Exercise prompt: The required output is the exact run of lines in the listing below from the line holding "Un dolce uccellino" through the line holding "Completed the installation", with no pictures.

Provided records:
━━━━━━━━━━
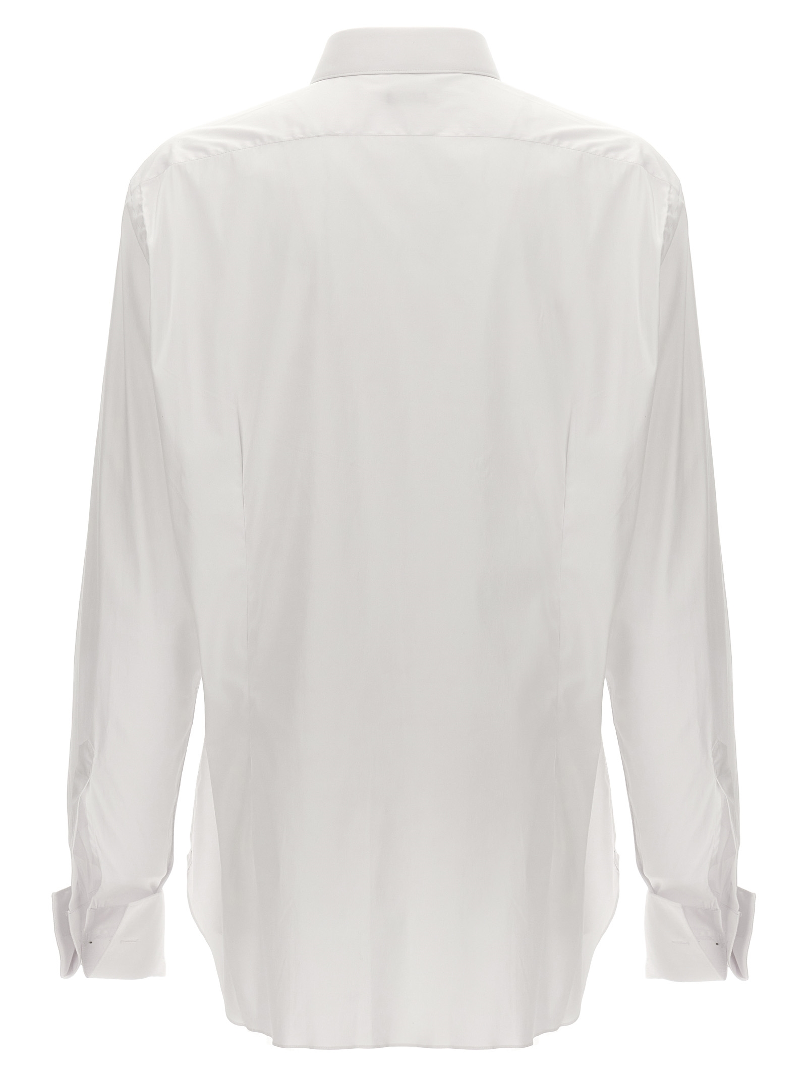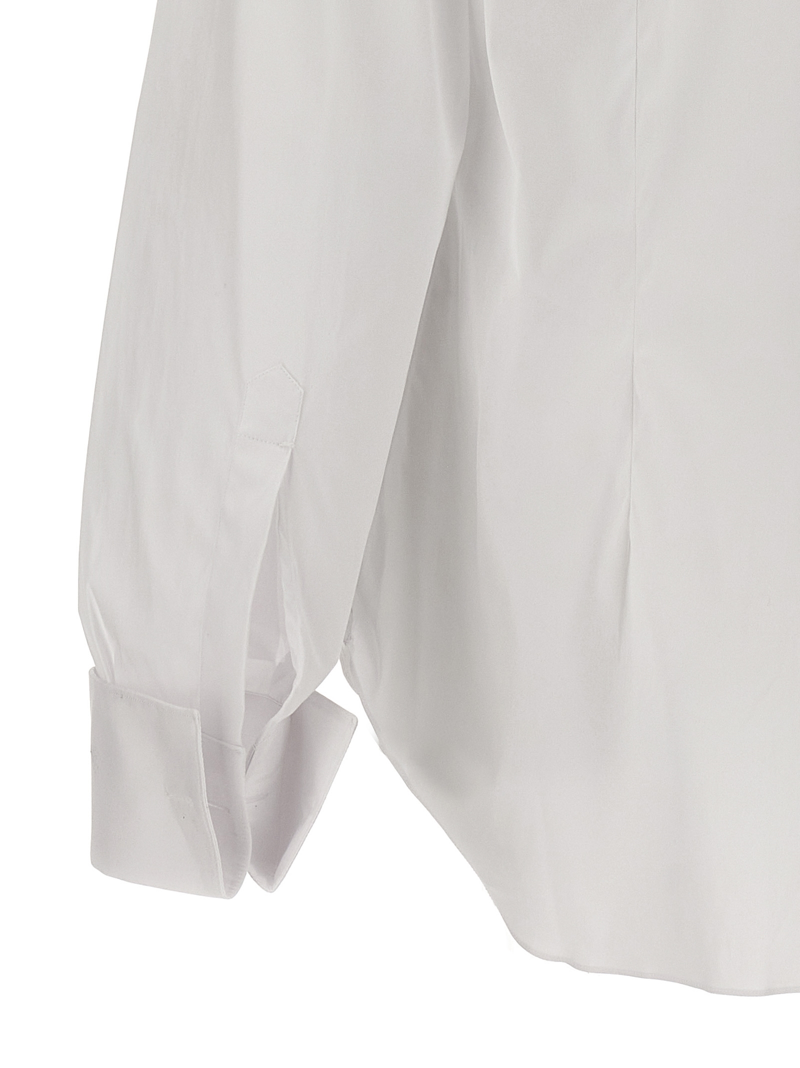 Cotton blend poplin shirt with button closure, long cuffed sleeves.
━━━━━━━━━━
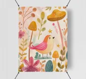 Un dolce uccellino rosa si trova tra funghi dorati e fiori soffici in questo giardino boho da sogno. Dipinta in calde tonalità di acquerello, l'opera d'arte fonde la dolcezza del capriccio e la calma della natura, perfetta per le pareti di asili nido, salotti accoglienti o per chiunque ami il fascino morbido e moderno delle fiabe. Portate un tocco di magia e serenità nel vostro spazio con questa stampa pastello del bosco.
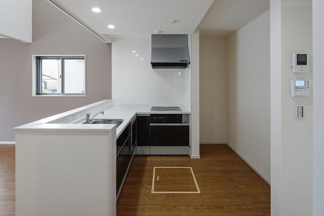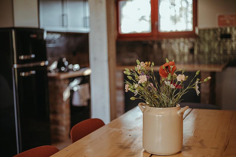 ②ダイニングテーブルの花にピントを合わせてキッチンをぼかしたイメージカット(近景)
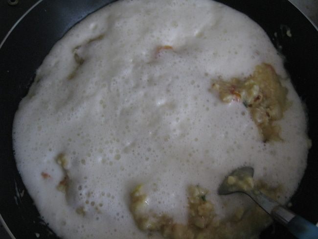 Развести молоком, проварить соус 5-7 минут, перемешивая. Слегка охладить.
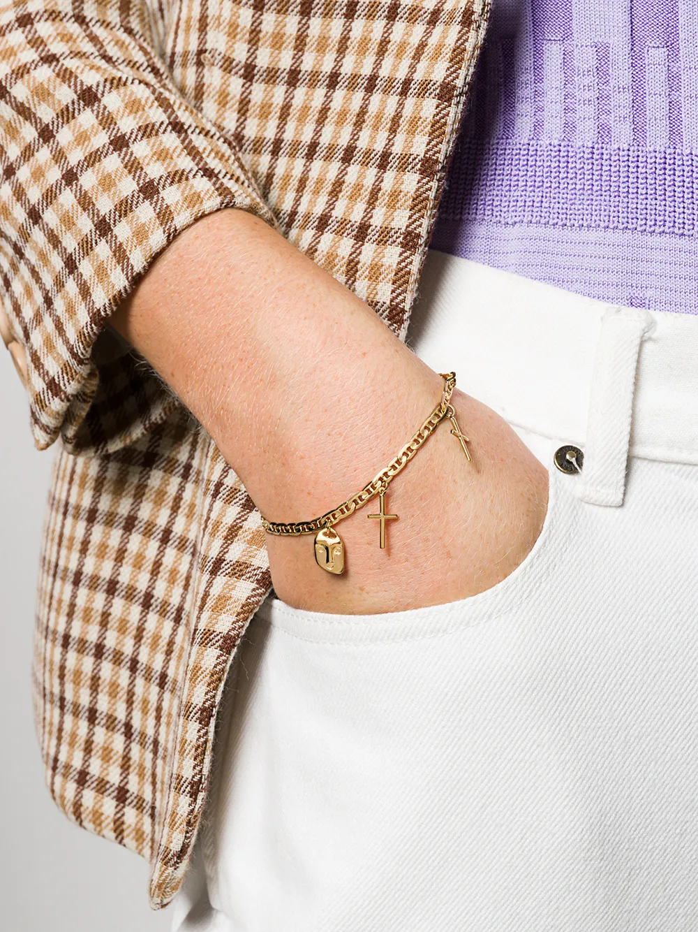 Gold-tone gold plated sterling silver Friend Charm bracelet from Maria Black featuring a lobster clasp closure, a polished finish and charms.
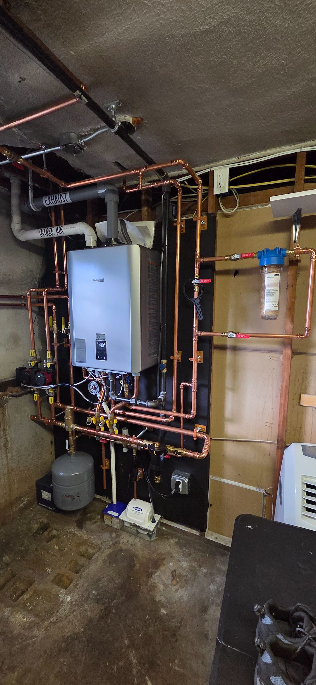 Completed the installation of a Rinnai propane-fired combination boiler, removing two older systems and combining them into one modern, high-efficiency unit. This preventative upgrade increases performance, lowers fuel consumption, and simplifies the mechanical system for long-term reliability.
━━━━━━━━━━
Written solution:
 Un dolce uccellino rosa si trova tra funghi dorati e fiori soffici in questo giardino boho da sogno. Dipinta in calde tonalità di acquerello, l'opera d'arte fonde la dolcezza del capriccio e la calma della natura, perfetta per le pareti di asili nido, salotti accoglienti o per chiunque ami il fascino morbido e moderno delle fiabe. Portate un tocco di magia e serenità nel vostro spazio con questa stampa pastello del bosco.
 ②ダイニングテーブルの花にピントを合わせてキッチンをぼかしたイメージカット(近景)
 Развести молоком, проварить соус 5-7 минут, перемешивая. Слегка охладить.
 Gold-tone gold plated sterling silver Friend Charm bracelet from Maria Black featuring a lobster clasp closure, a polished finish and charms.
 Completed the installation of a Rinnai propane-fired combination boiler, removing two older systems and combining them into one modern, high-efficiency unit. This preventative upgrade increases performance, lowers fuel consumption, and simplifies the mechanical system for long-term reliability.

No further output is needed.